🤖 AI Summary
This work addresses the challenge of effectively aggregating predictive distributions in deep ensembles to enhance both performance and reliability. From a log-likelihood perspective, the authors systematically analyze generalized mean-normalized aggregation and establish, for the first time, a unified theoretical framework that characterizes the behavior of aggregation across different orders \( r \). They rigorously prove that the aggregated prediction strictly outperforms any individual model if and only if \( r \in [0,1] \), thereby providing a solid theoretical foundation for the empirical success of linear pooling (\( r=1 \)) and geometric pooling (\( r \to 0 \)). Extensive experiments on image and text classification benchmarks confirm the practical relevance and effectiveness of the proposed theory.
📝 Abstract
Density aggregation is a central problem in machine learning, for instance when combining predictions from a Deep Ensemble. The choice of aggregation remains an open question with two commonly proposed approaches being linear pooling (probability averaging) and geometric pooling (logit averaging). In this work, we address this question by studying the normalized generalized mean of order $r \in \mathbb{R} \cup \{-\infty,+\infty\}$ through the lens of log-likelihood, the standard evaluation criterion in machine learning.
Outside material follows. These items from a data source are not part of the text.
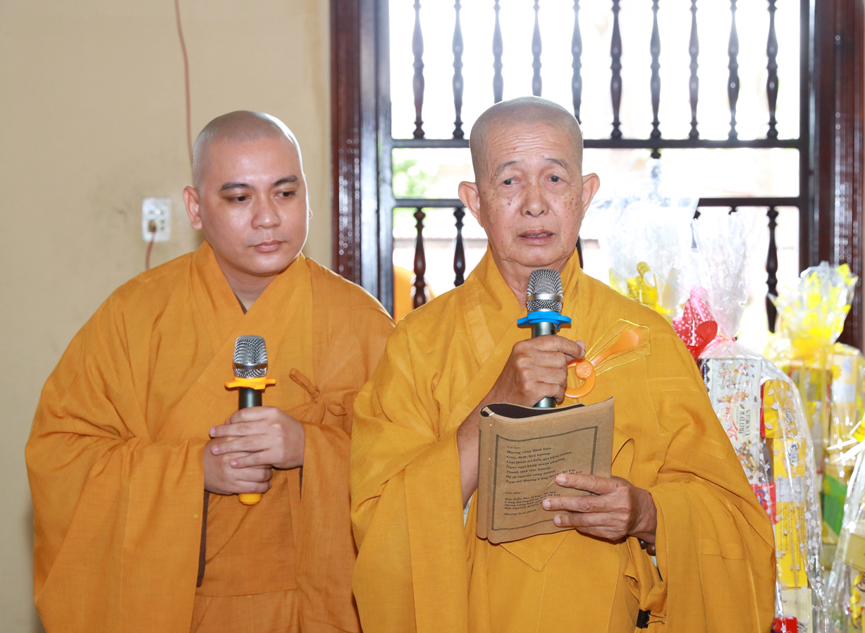 Trong giây phút thiêng liêng hoài cảm đầy xúc động ấy, Đại đức Thích An Nhựt – Trưởng ban Hướng dẫn Phật tử GHPGVN tỉnh Long An, Trưởng ban Trị sự GHPGVN huyện Thủ Thừa đã thay mặt môn đồ pháp quyến kính dâng lời tác bạch hoài niệm ân sư và cúng dường chư tôn đức.
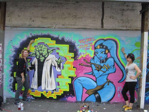 Tags: Art by zzZelot (left) and Hera (right), I ♥ Street Art, R2-D2 Vacuum Street Art, Yoda putin the moves on a Twi'lek [street art]
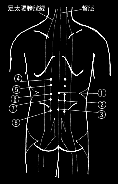 腰 部1 懸樞 2 命門 3 陽關 4 脾俞 5 胃俞 6 三焦俞 7 腎俞 8 大腸俞 |
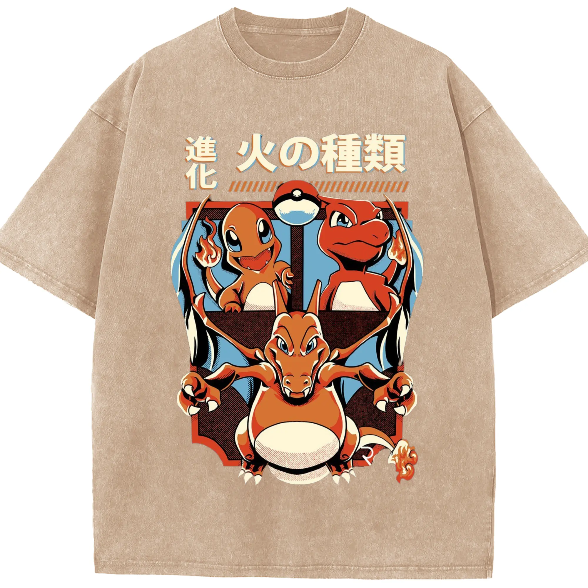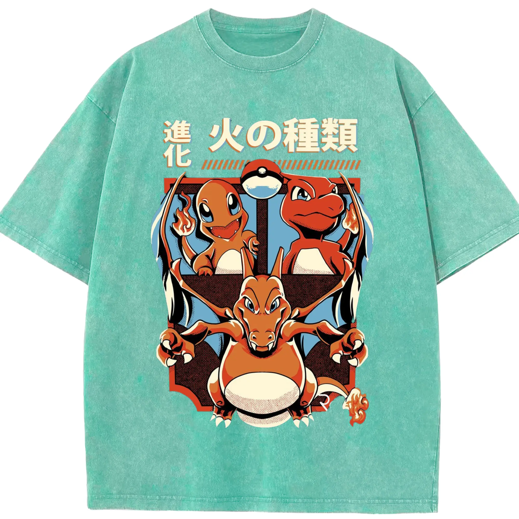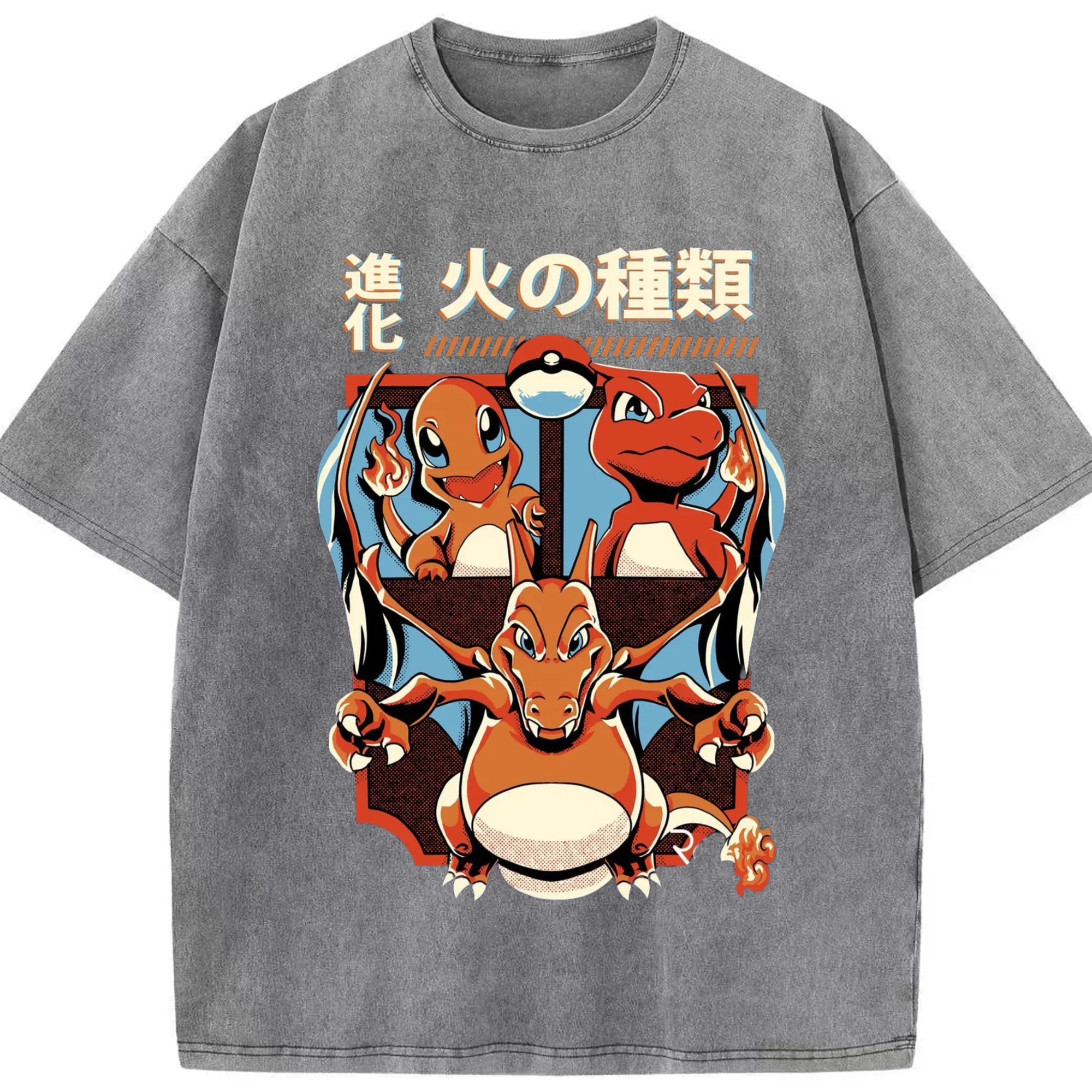 Youth​charizard t shirt - Washed Vintage Look 230g Cotton Oversized T-Shirt With Front Heat Transfer Print – Soft, Lightweight, Stylish Fit – Comfortable Casual Wear For Sports & Everyday Use

This provides a unifying aggregation formalism and shows different optimal configurations for different situations. We show that the regime $r \in [0,1]$ is the only range ensuring systematic improvements relative to individual distributions, thereby providing a principled justification for the reliability and widespread practical use of linear ($r=1$) and geometric ($r=0$) pooling. In contrast, we show that aggregation rules with $r \notin [0,1]$ may fail to provide consistent gains with explicit counterexamples. Finally, we corroborate our theoretical findings with empirical evaluations using Deep Ensembles on image and text classification benchmarks.